**PROBLEM:**
From the first line of the material through the line that holds "Sainik School Amaranathinagar", repeat each line exactly and skip any picture.

**MATERIAL TO PROCESS:**
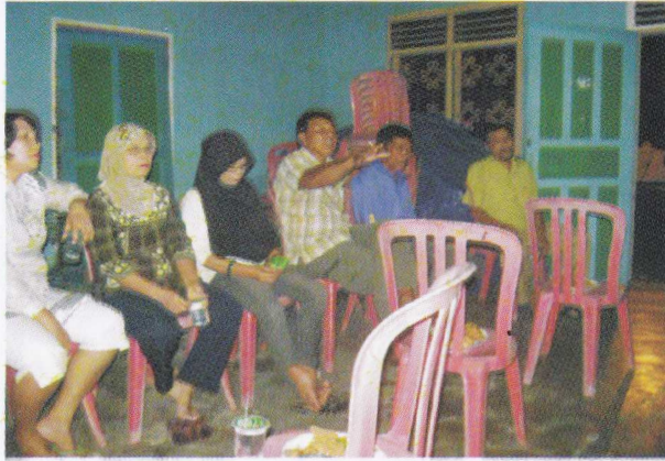
Figure 3. The citizen are curious to discuss about finding out the solution of their problems
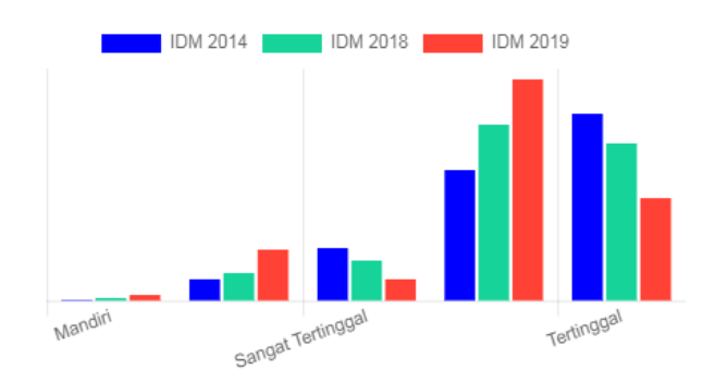
Fig 4:- Mandiri Village Index (IDM)
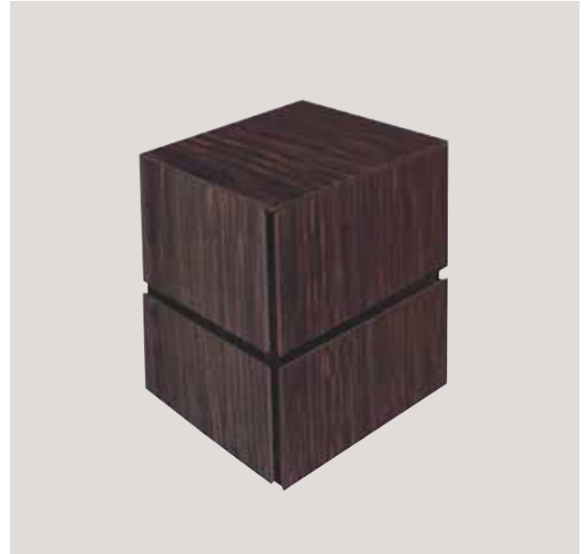
Shown PM05S2DRB-V09 Wood Veneer finish with required Premium Countertop Insert.
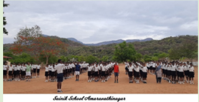
Sainik School Amaranathinagar

In the spirit of Swachhata Hi Seva, Sainik Schools across India united for various grand cleanliness drives. Students were involved in various activities such as the Pledge to keep India 'Clean and Green'. They spread the message of achieving a cleaner and healthier India. The Defence Secretary inaugurated a 'Mechanised Cleaning' programme to ensure faster and greener cleaning process through machines, at BEML Limited in Mysuru of Karnataka on 1st October. Under the 'Swachhata Hi Sewa' campaign, BEML has been carrying out a number of activities such as weeding out old records, cleaning Krishna Raja Sagara dam and displaying posters in school and college premises to create awareness about the need to ensure cleanliness. Other Defence Public Sector Undertakings across the country are also carrying out similar cleanliness drives at their premises as part of the campaign.
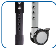
Adj. Legs Compatible with Casters or Ht. Adj. Glides
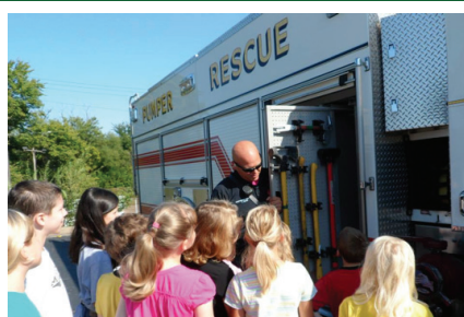
The St. Clair Fire Department visited the St. Clair Branch's Homeschooler's Club on October 3

We will be discussing The Book Thief by Markus Zusak.
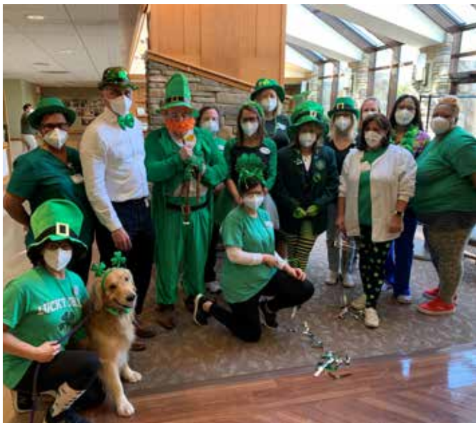
The Anna Maria crew
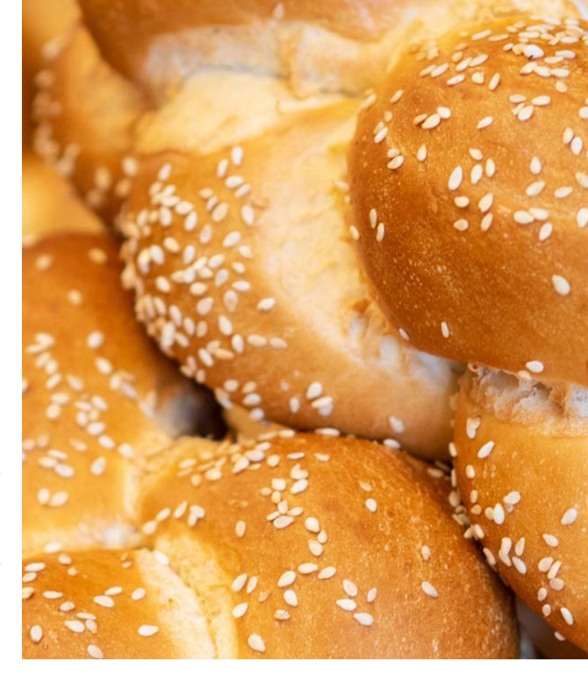
"It is important to find ways that you can meaningfully shape food for yourself."

So whatever your holiday gathering looks like this season, whether it be in person or virtual, with or without tree nuts, remember that you still have agency and power. Traditions are not lost, only modified. Creating new rituals with your family and friends allows you to take control of your food and ensure that the holidays are a memorable, inclusive, and happy time to be together.
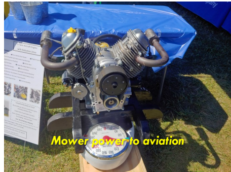
Mower power to aviation

**OUTPUT BELOW:**
Figure 3. The citizen are curious to discuss about finding out the solution of their problems
Fig 4:- Mandiri Village Index (IDM)
Shown PM05S2DRB-V09 Wood Veneer finish with required Premium Countertop Insert.
Sainik School Amaranathinagar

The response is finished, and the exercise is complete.